When using the heterogeneous mice data (N = 1908) for the multivariate linear mixed model with up to five traits, MTG2 only took a few seconds, which was a few thousands times faster than ASReml and WOMBAT and few times faster than GEMMA (Table 1). Estimated SNP-heritability and genetic correlations between traits are shown in Supplementary Table S1. REML parameters after convergence were essentially the same between the different software suites, as shown in Supplementary Tables S8 and S9.

Table 1.

Computing time for each software run with a 2.7 GHz CPU when using the heterogeneous stock mice data (N = 1908)

MTG2 GEMMA ASReml WOMBAT
# traits Multivariate linear mixed model
1 1 s 1 s 2 min 17 s
3 1 s 1 s 210 min 9 min
5 2 s 6 s 950 min 60 min
# order Random regression model
1 2 s NAa 4 min 3 min
2 2 s NA 82 min 30 min
3 2 s NA 310 min 54 min

For MTG2 and GEMMA, it took ∼4 s for the eigen-decomposition, which is only required to be done once per dataset then can then be reused for multiple analyses.

aGEMMA does not have a function for the random regression model.

When employing a random regression model, the computing time for MTG2 was a few seconds, not changing with the higher-order models (Table 1). However, the computational efficiency of ASReml or WOMBAT was lower and the computing time increased substantially with the higher-order models (Table 1). GEMMA does not have a function for random regression models. The estimated results from the random regression model are described and depicted in Supplementary Data (Supplementary Table S2 and Figure S1).

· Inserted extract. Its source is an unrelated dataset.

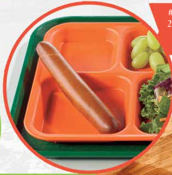
#9545 Bavarian Bakery® 2.0 oz 51% Whole Grain Soft Pretzel Stick 72 ct

When using the ARIC cohort human data (psh000280.v3.p1), the pattern of the computing time was similar to that for the heterogeneous mice in that MTG2 and GEMMA performed similarly although MTG2 became relatively faster when increasing the number of traits (Supplementary Table S4). ASReml and WOMBAT were too slow to run for this dataset. Supplementary Table S6 outlines the estimated SNP-heritability and genetic correlations between obesity and blood pressure traits.

4 Discussion

There are two main limitations to MTG2 as well as GEMMA. The eigen-decomposition technique cannot be used with more than one GRM as also noted by Zhou and Stephens (2014) unless a special condition is satisfied, i.e. one full-rank GRM and multiple low-rank GRMs are provided (Speed and Balding, 2014). In models with multiple GRMs, GEMMA cannot be used and MTG2 becomes slow although it is still considerably faster than ASReml and WOMBAT (Supplementary Table S5). Second, the eigen-decomposition technique requires a balanced design (i.e. no missing phenotypes across traits). Phenotypic imputation can be used for missing phenotypic values. In this work, we used imputed missing phenotypes for the mice data (<10% missing for each trait), although MTG2 without the eigen-decompostion could still be used for the data, including the missing values. We observed that the results from the data with and without the imputed missing phenotypes were not very different (Supplementary Table S2 and Figure S2). For the human data, missing phenotypes were less than 1%, therefore the results with and without the imputed missing phenotypes were almost identical (results not shown). Finally, both MTG2 and WOMBAT are able to facilitate a parallel computation that further raises efficiency.

5 Implication

There are three novel aspects in this application note. The first and foremost is estimating parameters for the random regression models with the direct AI algorithm. The second and third is to utilize the eigen-decomposition technique with the AI algorithm in the multivariate models and the random regression models, respectively. MTG2 can be used for a wider range of statistical models than GEMMA, including multivariate linear mixed models, random regression models and multiple variance components models. GEMMA can only be used for a single genetic variance component in multivariate linear mixed models (Supplementary Table S7). For random regression models or/and multiple variance components models, the computational efficiency for MTG2 (even without the eigen-decomposition) is considerably higher than that of ASReml or WOMBAT (Table 1, Supplementary Tables S5 and S7). Therefore, MTG2 can be a useful and efficient tool for complex traits analyses including estimating genetic variance and covariance and G × E.

Supplementary Material

Supplementary Data

Acknowledgements

This study makes use of publicly available data from Wellcome Trust Centre (http://mus.well.ox.ac.uk/mo-use/HS/) and from the database of Genotypes and Phenotypes (dbGaP) under accession psh000280.v3.p1 (see Supplementary Acknowledgements for the full statement).

Funding

This research is supported by the Australian National Health and Medical Research Council (APP1080157), the Australian Research Council (DE130100614 and DP160102126) and the Australian Sheep Industry Cooperative Research Centre.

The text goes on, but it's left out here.